Okay, here are what I think are the “tricks” to rekeying a database and adding or removing encryption from it. The critical item is changing the page reserve during the rekey process. If we’re not changing the page reserve, then we can just walk the database pages at the Btree level, read them in via a read cipher_ctx and then write them back out via a write cipher_ctx. However, if we need to change the page reserve (e.g., because we are adding or removing encryption or changing the encryption such that the page reserve should change), then something like the following steps are needed:
1) A codec must be attached to the main database, and it’s write cipher_ctx must be initialized to whatever we want the rekeyed database to look like. It’s read cipher_ctx should be initialized so that it can read the current database before rekeying.
2) A new database must be attached. Let’s call this attached database “rekey_db”.
3) After rekey_db is attached, but before any copying starts, it must have its page reserve set to the desired amount of reserved space as needed by the encryption. For example, an encrypted database would typically reserve 16 bytes for a per-page IV, whereas a plain database would reserve 0 bytes. If the page reserve is set properly, rekey_db does not actually have to be encrypted, but it should be because if it exceeds the size of the in-memory cache, pages will be written to disk in its journal file during the rekeying process.
4) The copy is performed of all database objects from main db over to rekey_db via SQL statements. This copy from main => rekey_db must be performed via SQL statements to give rekey_db a change to reorganize its Btree pages based on its new page reserve (and more space or less space on each page for actual data).
5) Rekeying in place.
a. If we are rekeying “in-place”, then a Btree-level block copy of pages back to main db can be done after main has been SQL-copied to rekey_db. This block-copy is why the page reserve on rekey_db must be whatever it needs to be to match the desired page reserve at the end of the rekey operation.
b. After the block copy is performed, the write cipher_ctx on the main db must be copied to the read cipher_ctx so that the database pages can be read correctly.
6) Rekeying to a new database.
a. For rekeying to a new database, we can just give rekey_db a filename and just skip the block copy of rekey_db back to the main db.
There are a few different use cases that should be considered:
1) Encrypting a plain database.
a. In place.
b. As a new database.
2) Decrypting an encrypted database.
a. In place.
b.
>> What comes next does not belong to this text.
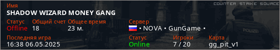 Играет на Counter Strike Source сервере. Страна: РоссияПервый раз замечен 09:27 22.01.2025

As a new database.
3) Changing the encryption with a different page reserve.
a. In place.
b. As a new database.
4) Changing the encryption but with the same page reserve.
a. In place.
b. As a new database.
The basic steps outlined at the top of this e-mail can be used for all of the use cases (SQL-copy to rekey_db, block copy back if in-place). For case 4a, if desired a Btree-level read-rewrite of each database page can be performed if desired (SQLCipher already has this functionality I think).
It turns out that SQLCipher v1.1.8 is very close to handling case 1a already. As I mentioned previously, I took sqlite3RunVacuum and made some minor changes to it and called it sqlite3RekeyImpl. The changes are in a file I’ve named rekey.h, which is attached to this message. By including rekey.h in SQLCipher’s crypto.c, the only changes we need to make are in the sqlite3_rekey function occur about 30 lines into that function. Here are the changes:
/*** begin changes ***/
//db->nextPagesize = SQLITE_DEFAULT_PAGE_SIZE;
pDb->pBt->pBt->pageSizeFixed = 0; /* required for sqlite3BtreeSetPageSize to modify pagesize setting */
//sqlite3BtreeSetPageSize(pDb->pBt, db->nextPagesize, EVP_MAX_IV_LENGTH, 0);
//sqlite3RunVacuum(&error, db);
sqlite3RekeyImpl(&error, db, ctx->write_ctx->iv_sz, NULL);
cipher_ctx_copy(ctx->read_ctx, ctx->write_ctx);
return SQLITE_OK;
/*** end changes ***/
This simply comments out trying to set the page size/reserve, and comments out calling sqlite3RunVacuum, and instead it calls sqlite3RekeyImpl, copies the write cipher_ctx over to the read cipher_ctx, and then returns (skipping the SQLCipher attempt at block copying the database pages). In crypto.c, the code block where these changes are made is only entered if the IV size is changing as part of the rekey. If the IV size is not changing, this code block will be skipped, and SQLCipher’s block page read/rewrite can be used.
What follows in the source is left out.